Negation has never been found in otherwise complex animal communication systems43,44, nor is there much evidence that any part of animal communication systems contains “functional” elements like negation, conjunction, or tense. This does not mean that non-human animals cannot perform such abstract operations. Some studies have shown an ability of animals for negative-like reasoning (e.g.,22,23). Yet, as outlined in the introduction these results fall short of demonstrating that non-human animals can represent set complementation. In particular, they fail to show that (1) non-human animals represent ‘not-A’ as all the possible elements that are not A, instead of associating ‘not-A’ with a single concept, B, and that (2) non-human animals hold a logical relation between a concept and its complement. While Experiment 1 has the same shortcomings (see discussion of Experiment 1), in Experiment 2, baboons learned to associate the negative morpheme with a function and apply that function to a previously learned representation. Is that function really set complementation? We showed that baboons could learn that ‘not-A’ applies to B and C, thus moving beyond studies using pairs of contrary concepts. While our current experiment was not designed to this end, further study could be designed to test how baboons generalize to never before seen stimuli in this task. An alternative possibility to set complementation is that the negative morpheme could just mean “different from” rather than “not”, but importantly this would still be a negative function in the broad sense (or proto-negation19). Yet critically, we showed that baboons learned the logical connection between the ‘negative’ morpheme and its attached cue. This suggests that they can learn a logical operation that bears some of the properties of negation.

### Compositionality

Finally, our main result concerns compositionality. Negation is a very clear signal of compositionality because it completely reverses the meaning of the elements it applies too. In that sense, semantic compositionality has never been found previously in animal communicative systems nor has it been evidenced in enculturated great apes9,15,16,17. In Experiment 2, baboons learned to associate atomic cues with objects that are the same as the cues, and to associate complex cues (composed of the same atomic cue and an additional visual element) with the complement object set. Baboons were faster to learn a generalization of these associations than when they were asked to learn a reversed association. This suggests that they learned the meaning of atomic cues and learned how meaning is systematically modified by the negation morpheme rather than holistically learning each complex cue as a single meaningful unit. In the future, one could try to show that baboons immediately and spontaneously understand new complex cues in a compositional manner, although one-shot learning of this type is hard to measure, as it may be masked by noisy experimental responses and independent biases (such as the strong iconicity bias present here) (see also45 for additional evidence that stronger effects can be observed during learning than during generalization in matching-to-sample tasks in baboons). What our results do suggest is that the ability to combine abstract representations is not unique to humans.

### Conclusion

The ability to combine abstract representations underpins many of our psychological competences: the acquisition and understanding of natural language, logical inferences, concept learning, reasoning, propositional attitudes, and so on.

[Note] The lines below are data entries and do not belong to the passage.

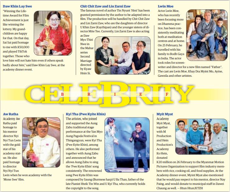 THE Myanmar Motion Pictures Organization (MMPO) held a ceremony on the evening of 26 February to honour the recipients of the 2025 Academy Awards and those who supported the event. The organization presented K500,000 to each Academy awardee. The patrons and executive members also presented gifts to those who supported the event. The organization also hosted a dinner for the attendees. The event was attended by MMPO executive committee members, patrons, Academy Award and Lifetime Achievement Award-winning artistes and professionals, individuals who had contributed support to the awards ceremony, and invitees.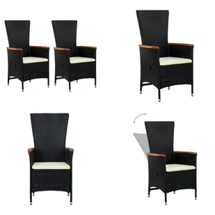 Krzesła ogrodowe 2 szt. z poduszkami z czarnego polirattanuNasz stylowy fotel z polirattanu będzie przyciągał wzrok w ogrodzie lub na patio!Wykonany z wodoodpornego rattanu PE fotel jest łatwy w pielęgnacji, wytrzymały i nadaje się do codziennego użytku. Malowane proszkowo stalowe ramy sprawiają, że krzesła są stabilne i trwałe. Leżaki zapewniają komfort, jakiego potrzebujesz. Oparcie można regulować, pociągając za pokrętło z boku.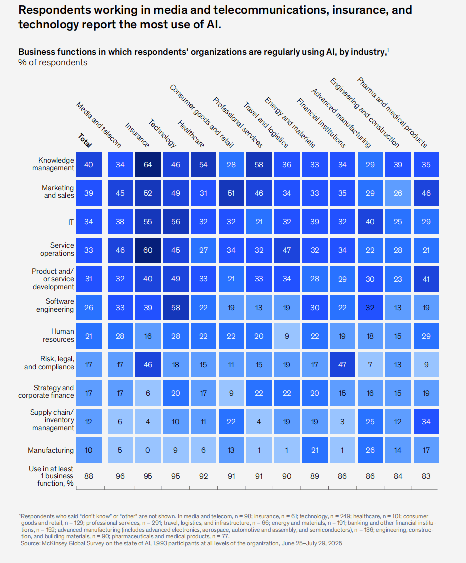 88%的受访企业表示已在至少一个业务职能中使用AI技术,比去年整整高出了10个百分点。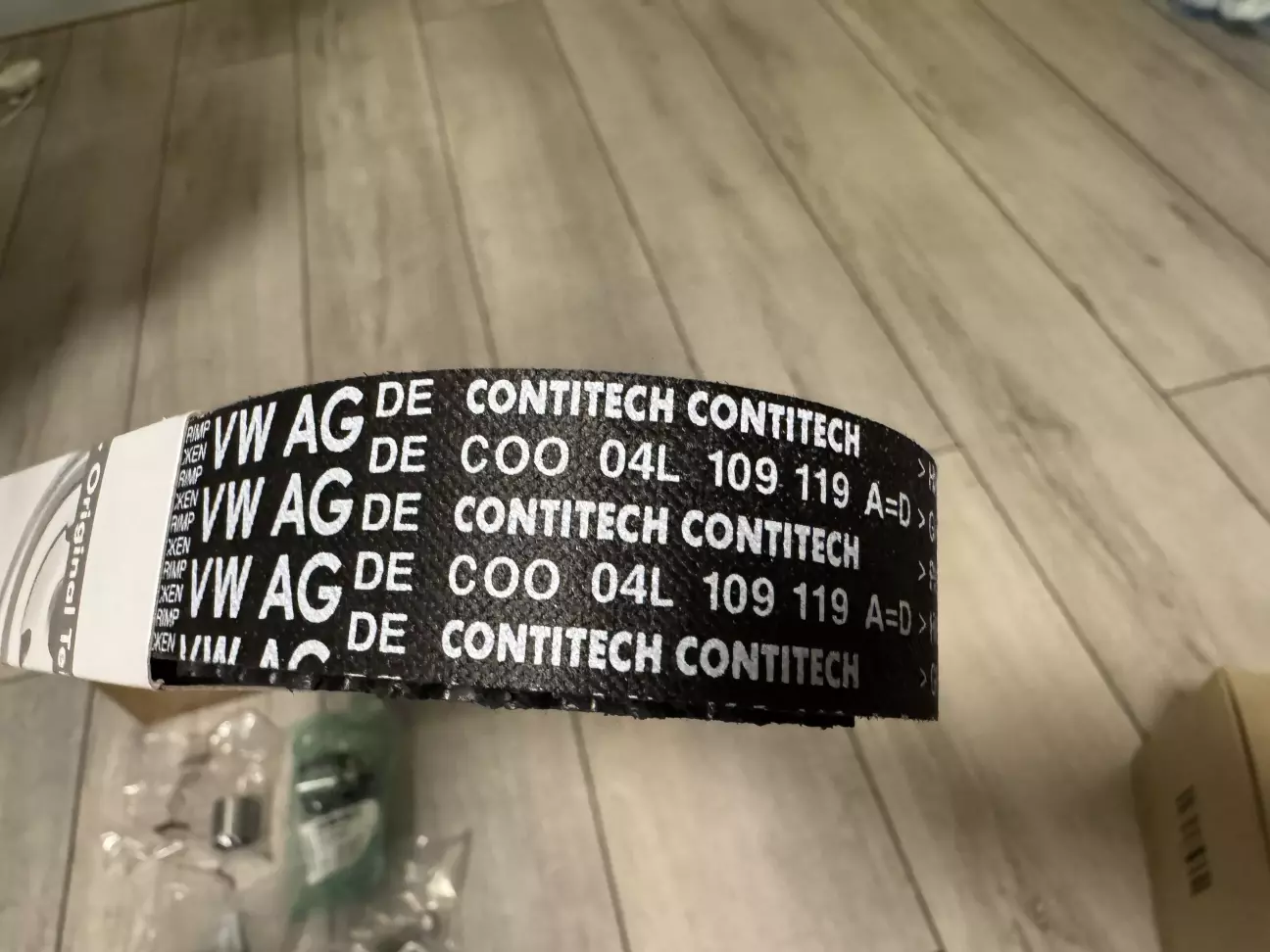 Порівнявши склад наборів, видно різницю в ременях та натяжних роликах. Справа в тому, що для CUAA вони підсилені. Ремінь в середині має тефлонове покриття і білий колір (звичайний весь чорний). Виробник підсиленого ременя в оригінальному наборі DAYCO, а звичайного - CONTITECH.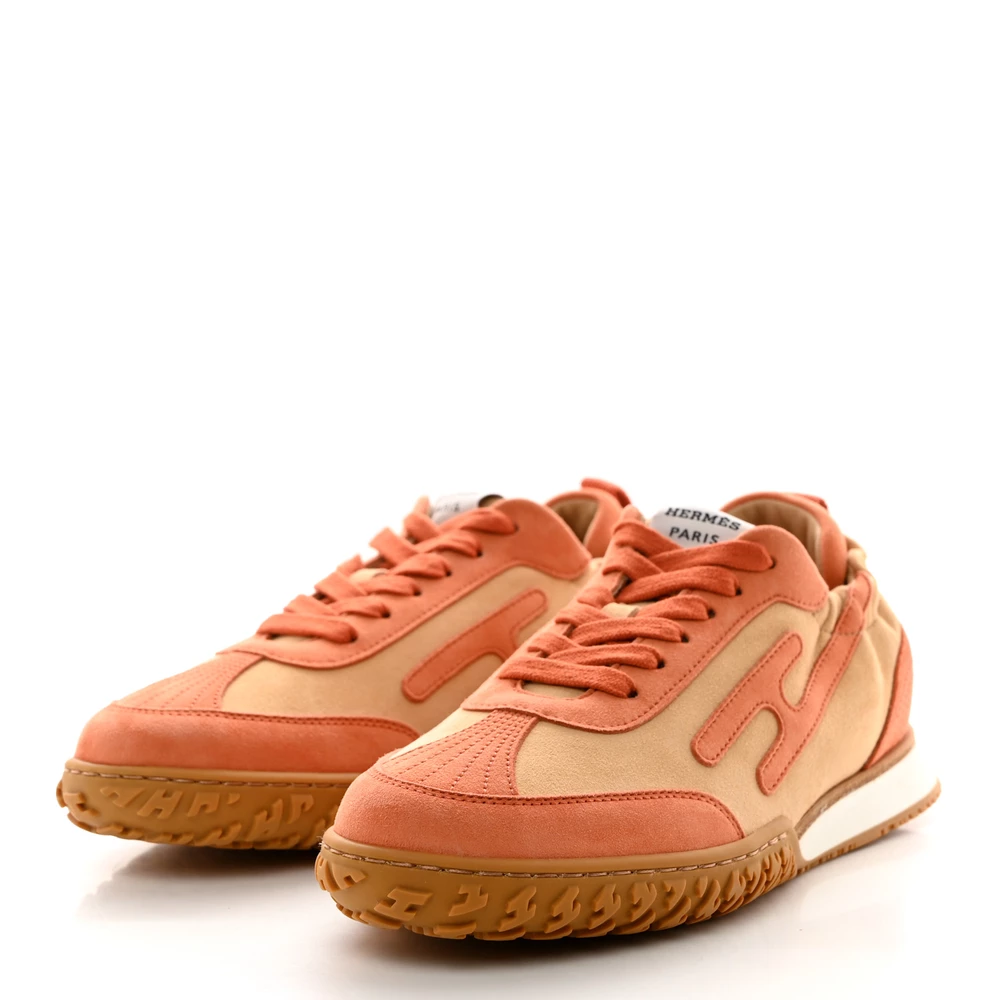 This Hermès Jet sneaker in Beige Natura and Orange Nacarat Suede & Goatskin is a sporty yet refined footwear choice. The combination of neutral and bold tones enhances its dynamic appeal, while the suede texture adds depth. Designed with a cushioned sole for comfort, it blends function with high-end craftsmanship. Whether styled with athleisure or casual ensembles, this sneaker offers a modern edge.

Evidence that animals could acquire this ability suggests that they could possess some of these competences, even if they may not realize any of them in their communication systems. Through the test case of negation, we investigated the phylogenetic origin of this compositional ability. We showed that baboons are able to learn an operation that can be compositionally applied to previously learned representations. Baboons thus are equipped with a rudimentary ability for skills which are often considered the hallmark of human logic and language: the manipulation of abstract representations and the ability to do so in a compositional manner.